BACKGROUND: Capillary malformation-arteriovenous malformation (CM-AVM) syndrome is associated with multifocal small CMs and a high risk for high-flow lesions. It is an autosomal dominant disorder, caused by RASA1 gene mutations. Recently, two novel clinical features have been identified: numerous small pale halos with central punctate red spots, and naevus anemicus.

OBJECTIVES: To identify the prevalence of the new clinical manifestations in our patients with CM-AVM. The secondary objective was to investigate the presence of other skin lesions.

METHODS: We retrospectively searched the picture database of our department for cases with a clinical diagnosis of CM-AVM, based on the identification of multiple cutaneous CMs and a negative history of epistaxis. We prospectively conducted a clinical and dermoscopic skin examination in all of these patients.
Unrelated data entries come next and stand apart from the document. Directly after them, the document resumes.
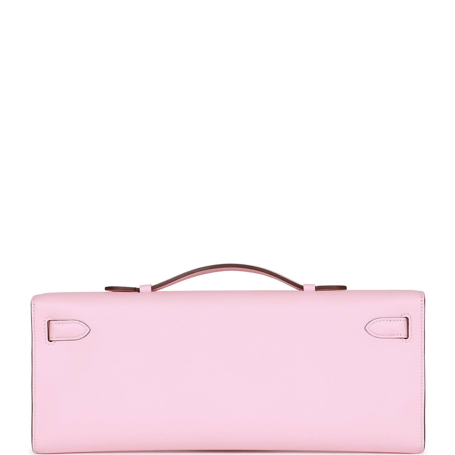This Kelly Cut wallet is in Rose Sakura swift leather with palladium hardware and has tonal stitching, two straps with front toggle closure and a top flat handle.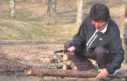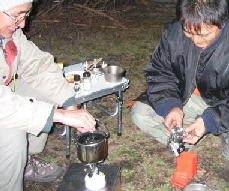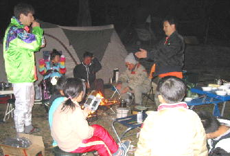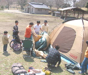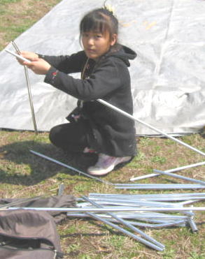 初キャンプでテント設営のkさん。みんなと一緒に♪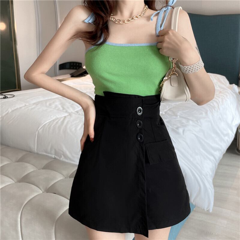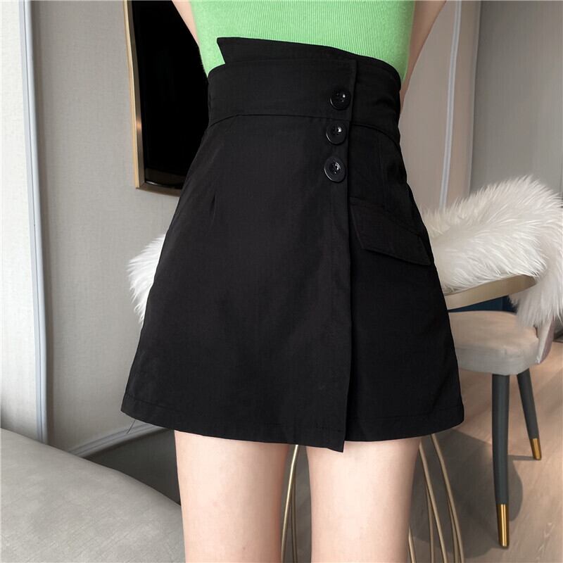 ウェストAラインスカート シングルブレスト薄手ブラックショートサマーレディース 夏物 Xiaofeijia71821119100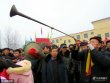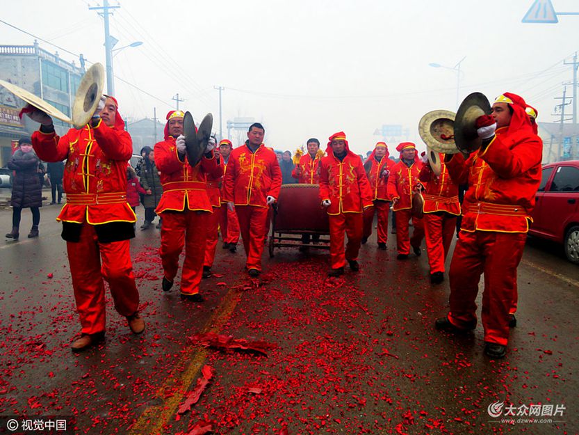 上午9時,曹縣桃源集村以街為單位,每街集合祭奠隊伍,由幾十位青壯年抬著精心捏制、塑造的花供供品,列隊前往火神廟彩棚。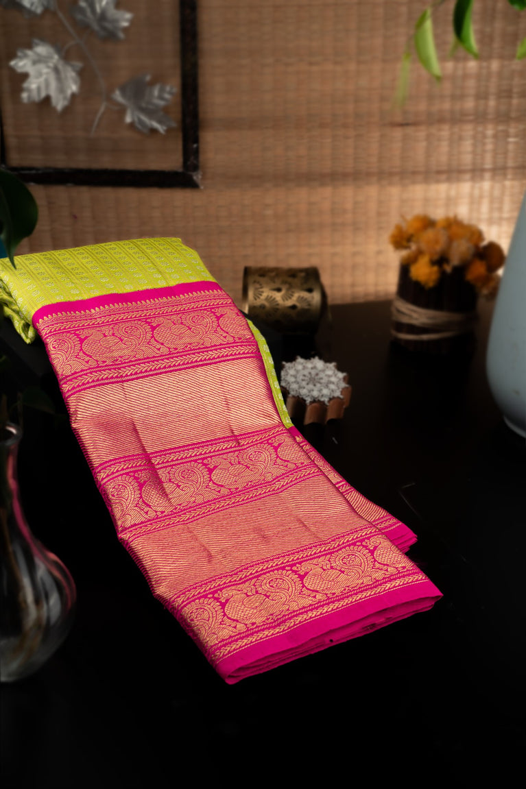 Varamahalakshmi Parrot Green & Pink Kancheepuram Florals Saree

RESULTS: Seven patients with multiple CMs were found, and only in one case was a cutaneous AVM present. Five patients had red punctate spots surrounded by pale halos on the upper limbs. Two adult patients also showed multiple telangiectasias on the neck and upper trunk. Naevus anemicus was not detected in any patient. A partial or total absence of vellous hair on the surface of CMs was observed in all patients.

CONCLUSIONS: Red punctate spots with pale halos or small telangiectasias are frequent findings in CM-AVM syndrome. Hypotrichosis on the CMs suggests that RASA1 gene mutations could be involved in the hair follicle proliferation and cell cycle.